В новые времена каждому рано или поздно приходится прощаться со своей Матерой.
Пытка памятью
(1978. «Старик» Ю. Трифонова)
Мировая мечта, что кружила нам голову…
Мировая мечта, мировая тщета,
Высота ее взлета, потом нищета
Ее долгого, как монастырское бдение,
И медлительного падения.
Б. Слуцкий. 1970-е
Надо ли о Трифонове? Ну да, кумир советской интеллигенции семидесятых, городская проза, неконтролируемые подтексты, острые намеки и все такое. Но он сочинил официозных «Студентов»
«Надо ли вспоминать? Бог ты мой, так же глупо, как: надо ли жить? Ведь вспоминать и жить – это цельно, слитно, неуничтожаемо одно без другого и составляет вместе некий глагол, которому названия нет» («Время и место»).

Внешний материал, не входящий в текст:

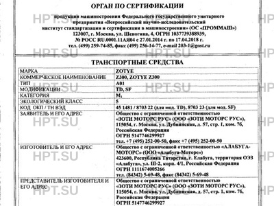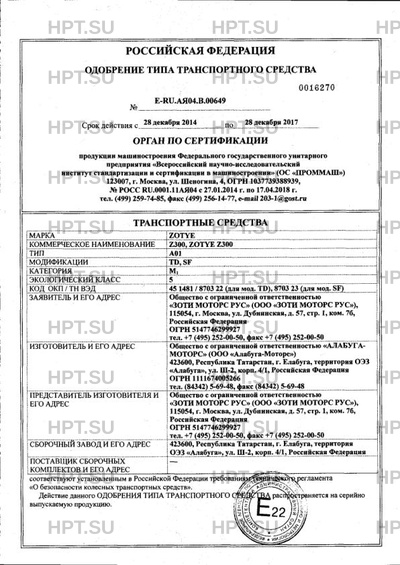 | Коммерческое наименование | Z300, ZOTYE Z300; A01 |

Фрагменты его текстов запоминаются сразу, как хорошие стихи. Да они, финалы и отступления, в сущности, и являются стихотворениями в прозе, меланхолическими элегиями, городскими романсами (что-то вроде песенок Окуджавы) с трехчленным развертыванием фразы, многочисленными повторами, сомнамбулическим ритмом, ненавязчивой звукописью.
«Слепили огни, разгорался вечер, нескончаемо тянулся город, который я так любил, так помнил, так знал, так старался понять…» («Дом на набережной).
«Наверху был ветер, вдруг ударило резким порывом. Она потянулась к нему, чтобы заслонить, спасти, он ее обнял. И она подумала, что вины ее нет. Вины нет, потому что другая жизнь была вокруг, была неисчерпаема, как этот холодный простор, как этот город без края, меркнущий в ожидании вечера» («Другая жизнь»).
«Он сказал: „Давай встретимся на Тверском. У меня кончится семинар, я выйду из института в шесть…“ И вот он идет, помахивая портфелем, улыбающийся, бледный, большой, знакомый, нестерпимо старый, с клочками седых волос из-под кроличьей шапки, и спрашивает: „Это ты?“ – „Ну да“, – говорю я, мы обнимаемся, бредем на бульвар, где-то садимся, Москва окружает нас, как лес. Мы пересекли его. Все остальное не имеет значения» («Время и место»).
Фактура поздней трифоновской прозы узнается мгновенно, с нескольких строк. Его связывали с направлением «городской прозы», что справедливо лишь отчасти. Он сам – случай более редкий – стал направлением. Его имя – знак. «Мир Трифонова» – такая же эстетическая реальность, как «миры» Платонова или Булгакова.
Трифонов – редкий тип писателя советской эпохи, проделавшего положительную эволюцию. Норма литературы советской эпохи – как раз отрицательная эволюция. Автор заметно, ярко, мощно начинает, но потом входит в номенклатуру, применяется к обстоятельствам, тратит себя на мелочи – или просто ломается, устает в борьбе с жизнью и словом. Таковы творческие судьбы Фадеева, Шолохова, даже Зощенко и Платонова. Более поздние примеры – у всех перед глазами.
Он начал со «Студентов» (1950), за которых получил Сталинскую премию (третьей степени) и расплатился годами кризиса.
Потом было «производственное» «Утоление жажды» (1963) и цикл рассказов 1960-х годов, в которых была нащупана его поздняя тема.
В «Путешествии» попытка писателя уехать куда-нибудь в творческую командировку заканчивается возвращением домой и взглядом в зеркало: оттуда смотрит незнакомец.
Герой «Победителя» (другое заглавие – «Базиль») – старик, уже почти выживший из ума, занявший когда-то в начале века последнее место на Олимпиаде. Но он объявляет приехавшим журналистам, что настоящий победитель – теперь он: его соперники давно в могиле, а он все еще бежит, вдыхая холодный осенний воздух французской провинции.